This is this model + DFlash . Very decent performance, a bit below-par in tool calling compared to 3.6-35B (getting consisten 92 or 93 scores).

Will be running my real-world test now that takes multiple hours :)

Can we keep the MTP heads unquantised? I noticed the acceptance rates is not as good.

tbh I think most people are just using dflash now?

Not for production. DFlash is basically for code and benchmarks, otherwise it frankly does poorly. Also, at high concurrency, it usually doesn’t win.

I am using your original Qwen3.6 35B-A3B PrismaQuant 4.75 bit for some professional domain text and MTP at 3 positions just obliterated DFlash.

All of the above is subject to change if/when vLLM integrates DDTree, but until then, standard MTP is the winner for a lot of real workloads.

Same here, DFlash is awful in acceptance rates and real wall clock performance. It looks good in benchmarks, but actual real world its terrible. Stayed with MTP over all my models for now.

Rob I think this one might be a keeper. Still testing but it handles concurrent multi-modal loads very well. I am getting excellent throughput. I will let you know run into any issues but so far this might allow 27b and 35b to run on a single spark which would be really interesting.

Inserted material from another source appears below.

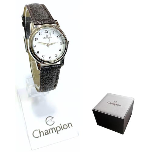 Marca: Champion Modelo: CH25007Q Tipo de relógio: Analógico Gênero: Feminino Cor da caixa: Prateado Cor da pulseira: Marrom Estilo: Casual Alarme: Não Cronômetro: Não Calendário: Não Luz: Não Resistência à água: Sim – 5 ATM = 50 metros Tipo de fecho: Fivela simples Material da caixa: Aço Material da pulseira: Couro Características do vidro: Cristal Mineral Tamanho da caixa: 25 mm Espessura da caixa: 9 mm Comprimento da pulseira: 20 cm Largura da pulseira: 13 mm Tampa do fundo: Rosqueado Peso: 22 Gramas Alimentação: Bateria Garantia do Fabricante: 12 meses Fabricante: Magnum Indústria da Amazônia S/A

# Qwen3.6-27B — PrismaSCOUT (Blackwell, NVFP4 + BF16)
# PrismaQuant export of Qwen/Qwen3.6-27B for vLLM compressed-tensors serving
# on NVIDIA Blackwell.

recipe_version: "1"
name: Qwen3.6-27B-PrismaSCOUT-Blackwell-NVFP4-BF16-vllm
description: vLLM serving Qwen3.6-27B-PrismaSCOUT-Blackwell-NVFP4-BF16-vllm

# HuggingFace model to download (optional, for --download-model)
model: rdtand/Qwen3.6-27B-PrismaSCOUT-Blackwell-NVFP4-BF16-vllm

solo_only: true

# Container image to use
container: vllm-node-tf5

build_args:
  - --tf5

mods:
  - mods/fix-qwen3.6-enhanced-chat-template

# Default settings (can be overridden via CLI)
defaults:
  port: 8000
  host: 0.0.0.0
  max_model_len: 196608
  gpu_memory_utilization: 0.75
  max_num_batched_tokens: 32768
  max-num-seqs: 16
  served_model_name: qwen/qwen3.6-27b
  speculative_config: '{"method": "mtp", "num_speculative_tokens": 3}'

# Environment variables
env:
  VLLM_MARLIN_USE_ATOMIC_ADD: 1

# The vLLM serve command template
command: |
  vllm serve rdtand/Qwen3.6-27B-PrismaSCOUT-Blackwell-NVFP4-BF16-vllm \
  --served-model-name {served_model_name} \
  --max-model-len {max_model_len} \
  --gpu-memory-utilization {gpu_memory_utilization} \
  --max-num-batched-tokens {max_num_batched_tokens} \
  --max-num-seqs {max-num-seqs} \
  --port {port} \
  --host {host} \
  --quantization compressed-tensors \
  --load-format instanttensor \
  --enable-prefix-caching \
  --enable-chunked-prefill \
  --speculative-config '{speculative_config}' \
  --enable-auto-tool-choice \
  --tool-call-parser qwen3_coder \
  --chat-template qwen3.6-enhanced.jinja \
  --reasoning-parser qwen3

#  --language-model-only

What sort of performance are you getting on it?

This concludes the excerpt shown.